China’s devaluation of the yuan last Tuesday and Wednesday has drawn divergent reactions from international analysts about the likely impact the move would have on the country’s bid to have the currency become a global reserve currency. Since a rejection five years ago, China has been pushing to have the renminbi (official name of the yuan) accepted as a global reserve currency alongside the dollar, yen, euro and sterling by the International Monetary Fund (IMF).
The Fund, this month, cited the need for great exchange rate flexibility as a key requirement. The world’s second largest economy rattled global financial markets by devaluing its currency in what it said was an effort to make its exchange rate more market-oriented.
The yuan’s value declined 1.9 per cent on Tuesday, its biggest one-day drop in a decade, and dropped a further 1.6 per cent last Wednesday. The People’s Bank of China said that it acted because the yuan has been rising even when market forces say it should be falling.
An overvalued yuan has hurt Chinese exporters by making their products more expensive overseas. Analysts noted that a weaker yuan could reduce exports of US goods to China, already down nearly five per cent this year through June.
American politicians, who have long charged that China keeps its currency artificially low to give its exporters an edge, denounced the devaluation. But economists doubt that a one-day two per cent drop in the yuan, which is a move China has called a onetime event, will do much damage to exports from the United States or other countries. “Two per cent is no big deal,” said Mark Zandi, chief economist at Moody’s Analytics. “Ten per cent over the next few months would be a big deal.”
A senior fellow at the Brookings Institution, David Dollar, said that the move will allow the yuan to make bigger, faster moves up or down and better reflect investors’ outlook on the prospects for China and its currency. According to US Senator Charles Schumer, “Allowing the renminbi to be declared a reserve currency is akin to putting the fox in charge of the henhouse. Unless and until China stops artificially devaluing their currency, the renminbi should be barred from consideration as a global reserve currency by the International Monetary Fund (IMF).”
The Fund staff members disclosed last week that a decision on the yuan becoming a reserve currency could be postponed by nine months, until September 2016, pointing out that more “significant work” in analysing data was needed on the issue.

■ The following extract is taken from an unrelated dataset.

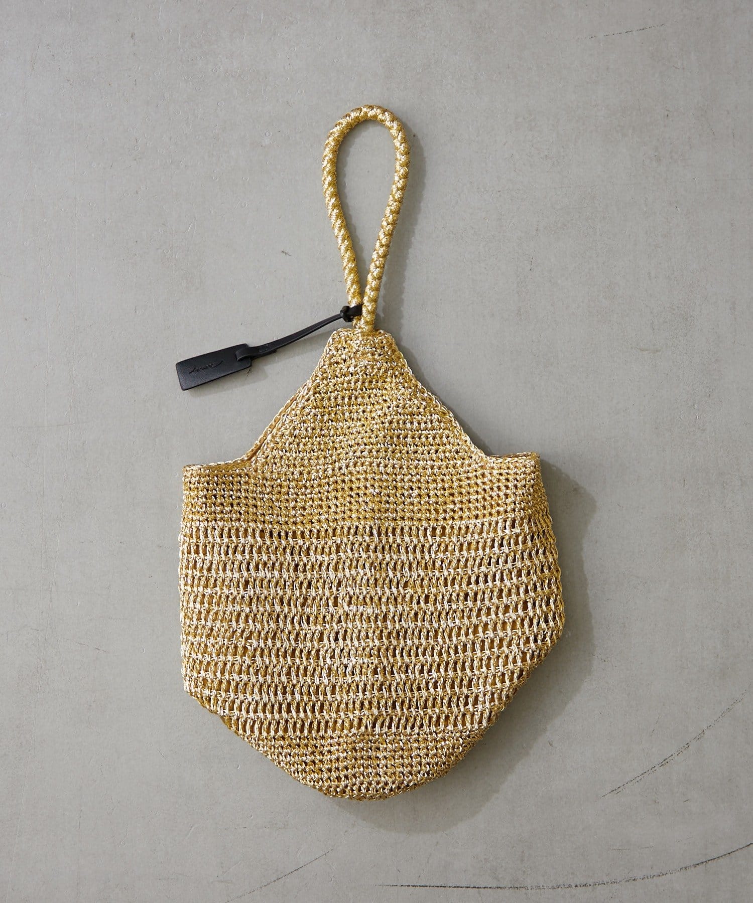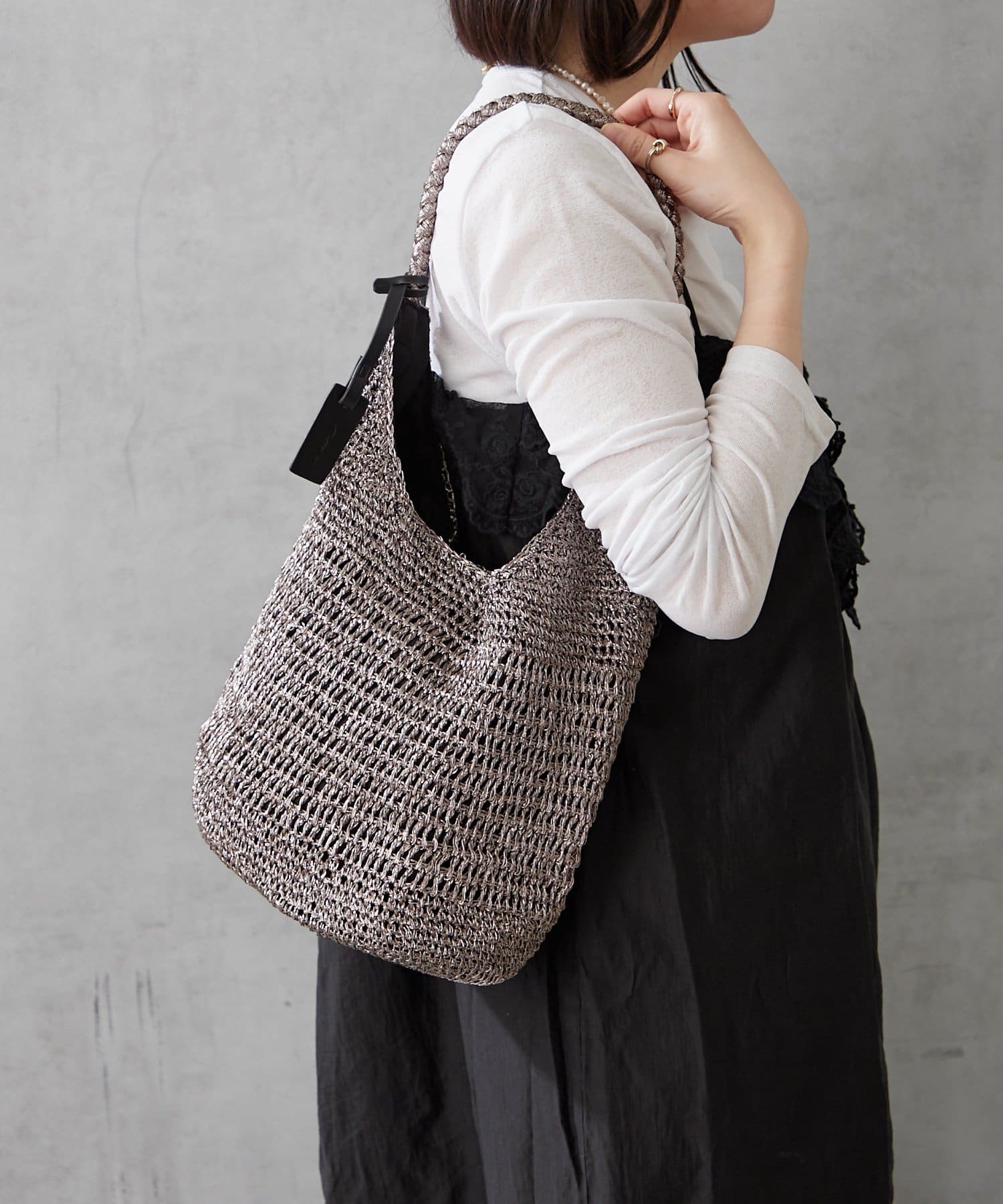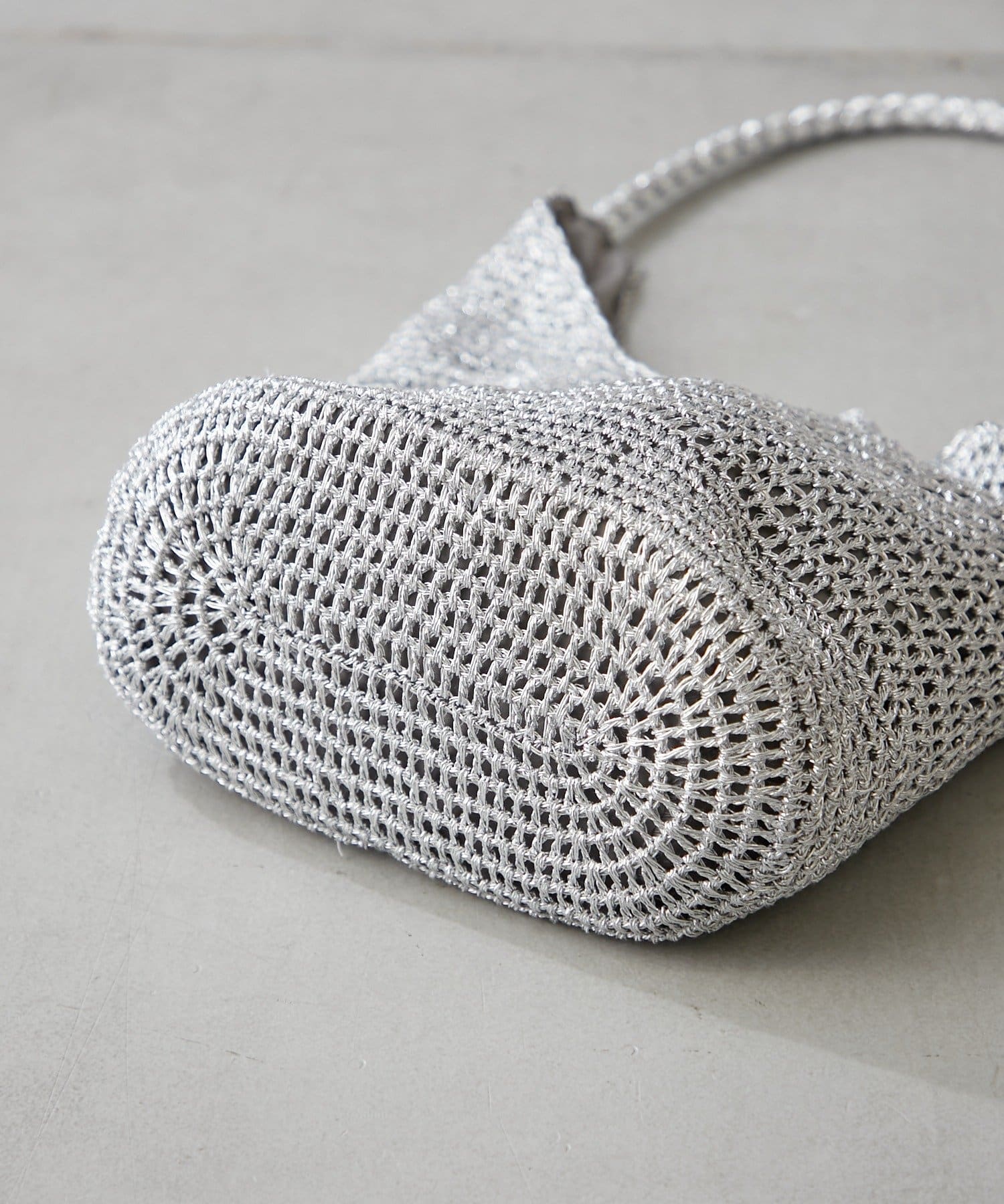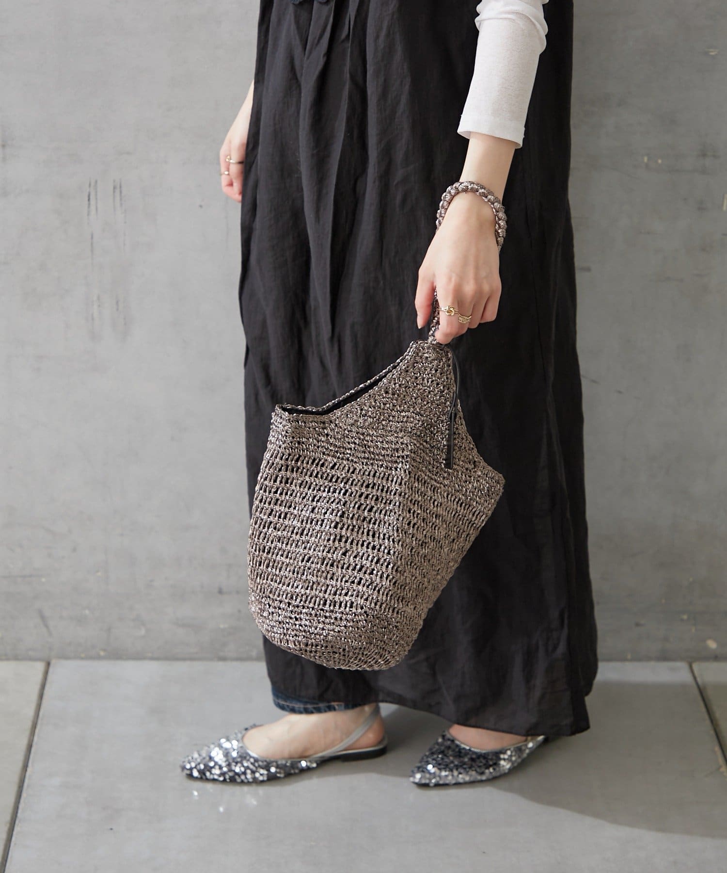 手編みならではの温かみのある風合いと、メタリック素材が持つモダンな雰囲気が絶妙に融合し、他にはないユニークな存在感を放ちます。

Analysts say that inclusion would help the world’s second-largest economy challenge the dollar’s dominance in global trade and finance. According to a Central Bank of Nigeria (CBN) publications survey of central banks carried out in March this year, sponsored by HSBC Holdings Plc, China’s currency will account for 10 per cent of world reserves by 2025.
The survey found that the yuan would make up an estimated 2.9 per cent of foreign-exchange stockpiles by the end of this year.
Of the 72 monetary authorities with $5.9 trillion in reserves that the authors of the report spoke with, 35 said they either held yuan or were considering doing so.